I have decided to start learning physics before I am required to take the class in 11th grade so that I will be ahead of my classmates. I found a cheap physics book on amazon and ordered it but complications occurred when it introduced the Vector/Cross Product. It gives the following equation:

$$\mathbf{A} \times \mathbf{B} = \begin{bmatrix} A_y B_z - A_z B_y \\ A_z B_x - A_x B_y \\ A_x B_y - A_y B_x \end{bmatrix}$$

But it doesn't give any further information such as where the numbers come from. I found the Dot Product to be fairly strait forward while the arrangement of the numbers in this equation seem random at best so I am asking:

• Why are the values of the two vectors arranged as they are in this equation?
• Compute $(A\times B)\cdot A$ and $(A\times B)\cdot B$ and see what you get... May 8 '15 at 22:54
• @Sheepman I came to the same conclusion and have been trying to get a little further in my book in the time it would take me to get another. May 8 '15 at 22:59
• @lemon correct me if I am wrong but I don't see how doing the equation is going to help me understand it; It's like trying to use a word in its own definition. May 8 '15 at 23:05
• Possible duplicates: physics.stackexchange.com/q/14082/2451 and links therein. May 9 '15 at 0:21
• @FeatheredOrcian, do what lemon suggests and you will find out why he suggested you do it... I guess his suggestion was a little cryptic, but if you did what he asks you would know why he ask you to do it... Anyways. Questions for you. How would you go about constructing a vector that is perpendicular to both A and B?
– hft
May 9 '15 at 1:16

In mechanics the vector cross product is used to transform a force at a distance into a moment, and a rotation about an axis into linear velocity

$$\mathbf{M} = \mathbf{r} \times \mathbf{F} \\ \mathbf{v} = \mathbf{r} \times \mathbf{\omega}$$

If you project those vectors into any plane, you will see that each component of force (or rotation) is multiplied with the perpendicular distance to it (called a moment arm). When combined in 3D the aforementioned expression for cross product is found.

For example consider the XY plane which yields a component about the Z axis

The torque of the force $F$ at a distance $d$ is found by splitting the distance and force into components. The result is $M_z=r_x F_y -r_y F_x$ which is the same as the 3rd component of the cross product. If you do the same on all basic planes of projection you will end up with the cross product expression.

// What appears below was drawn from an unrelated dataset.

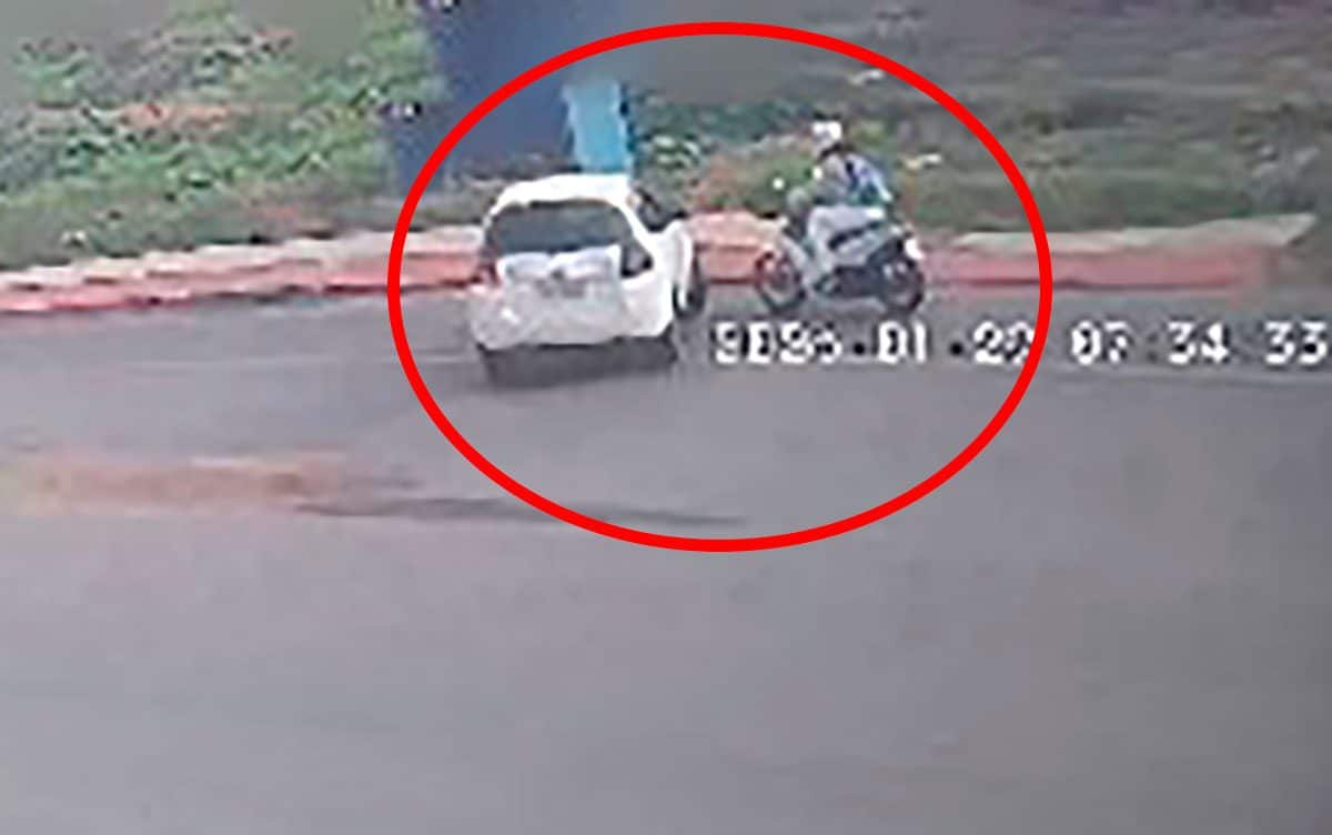 Imagens de câmeras de monitoramento mostram o momento da colisão. Com o impacto, uma pessoa ficou ferida. Por pouco, outro motociclista que seguia logo atrás não acabou colidindo no mesmo veículo.

Often I view the vector cross product, not as a binary operation (between two vectors), But as an operator on a vector with

$$\mathbf{A} \times \mathbf{B}=[\mathbf{A} \times] \mathbf{B} = \begin{vmatrix} 0 & -A_z & A_y \\ A_z & 0 & -A_x \\ -A_y & A_x & 0\end{vmatrix} \begin{bmatrix} B_x \\ B_y \\ B_z\end{bmatrix} =\begin{bmatrix} A_y B_z - A_z B_y \\ A_z B_x - A_x B_y \\ A_x B_y - A_y B_x \end{bmatrix}$$

• That is an interesting way to think of $A\times$. May 9 '15 at 12:48
• I use $[r\times]$ as a matrix operator to apply the parallel axis theorem in mechanics $$I_A = I_B - m [r \times] [r \times]$$. See examples here and here May 9 '15 at 14:59

A vector product of two vectors is also called a cross product. As you may know, one way of describing a vector, as opposed to defining a vector is "a quantity which has magnitude and direction." In 3-dimensional space, one can specify a vector as the sum of $x, y,$ and $z$ components of parts. We can write $$\vec{A} = (A_x, A_y, A_z) \text{ or } A_x\hat{i} +A_y\hat{j}+A_z\hat{k}.$$

The $\hat{i}, \hat{j}, \hat{k}$ terms are ways of specifying the $x,y,z$ directions and are useful for calculations..

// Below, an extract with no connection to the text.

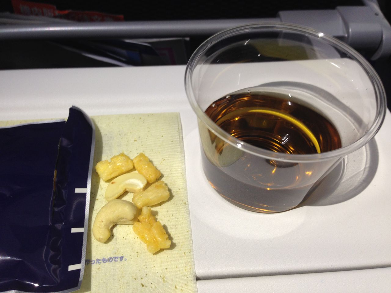 まず離陸後飛行から安定してから出される定番のおつまみ&ドリンク。

The vector product has a magnitude equal to the product of the length of one vector and the component of the other vector:$$|\vec{A}\times\vec{B}|=AB\sin\theta,$$ where $A$ and $B$ are the magnitudes of the vectors and $\theta$ is the angle between them. The direction of the vector product is perpendicular to both vectors. That leaves two possible directions, and the conventional direction is to use a right-handed "screw out" rotation of $\vec{A}$ being pushed toward $\vec{B}$.

Without writing all the details of results, $A_xB_x$ and other like-direction component products contribute nothing. That's because the angle $\theta$ between like components is 0, and sin(0)=0. $A_xB_y - A_yB_x$ is the $z$-component and you form the others as permutations of $x,y,z$: $$x,y\rightarrow z,$$ $$y,z\rightarrow x,$$ $$z,x\rightarrow y$$ and reversing the order of the first two yields a negative sign.

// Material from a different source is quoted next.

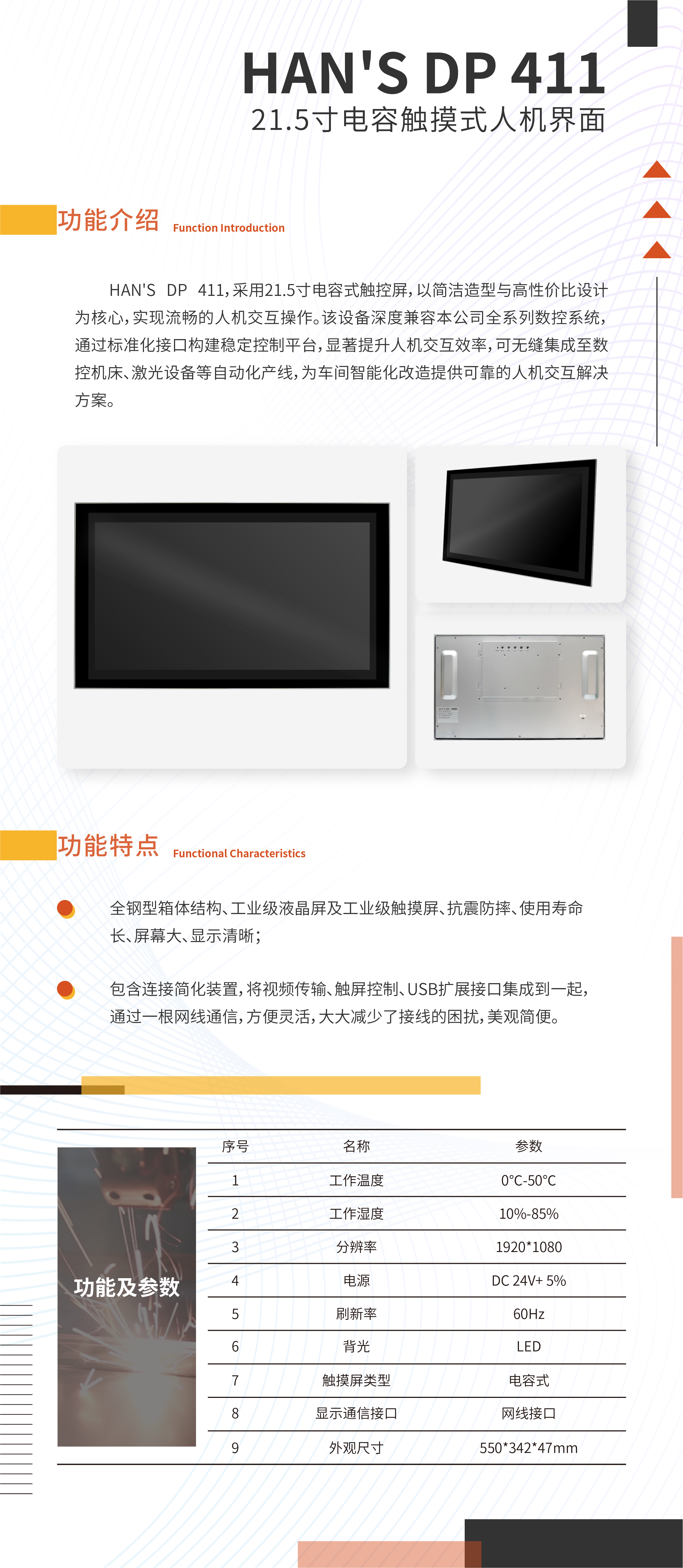 HAN'S DP 411,采用21.5寸电容式触控屏,以简洁造型与高性价比设计为核心,实现流畅的人机交互操作。该设备深度兼容本公司全系列数控系统,通过标准化接口构建稳定控制平台,显著提升人机交互效率,可无缝集成至数控机床、激光设备等自动化产线,为车间智能化改造提供可靠的人机交互解决方案。

• Furthermore it is a unique combination of two vectors in 3 dimensions that transforms like a vector under rotation. That is, the magnitude of a vector shouldn't depend on the orientation of the observer, and the cross product is defined such that its magnitude is invariant under a rotation of coordinates. That's another reason why the cross product is so important in physics. The laws of physics shouldn't depend on how the observer is oriented. May 9 '15 at 1:57

A$\times$B is a vector that is perpendicular to both A and B, and its norm (length) is equal to the area of the parallelogram whose sides are the vectors A and B. You can check that that seemingly random expression satisfies both properties.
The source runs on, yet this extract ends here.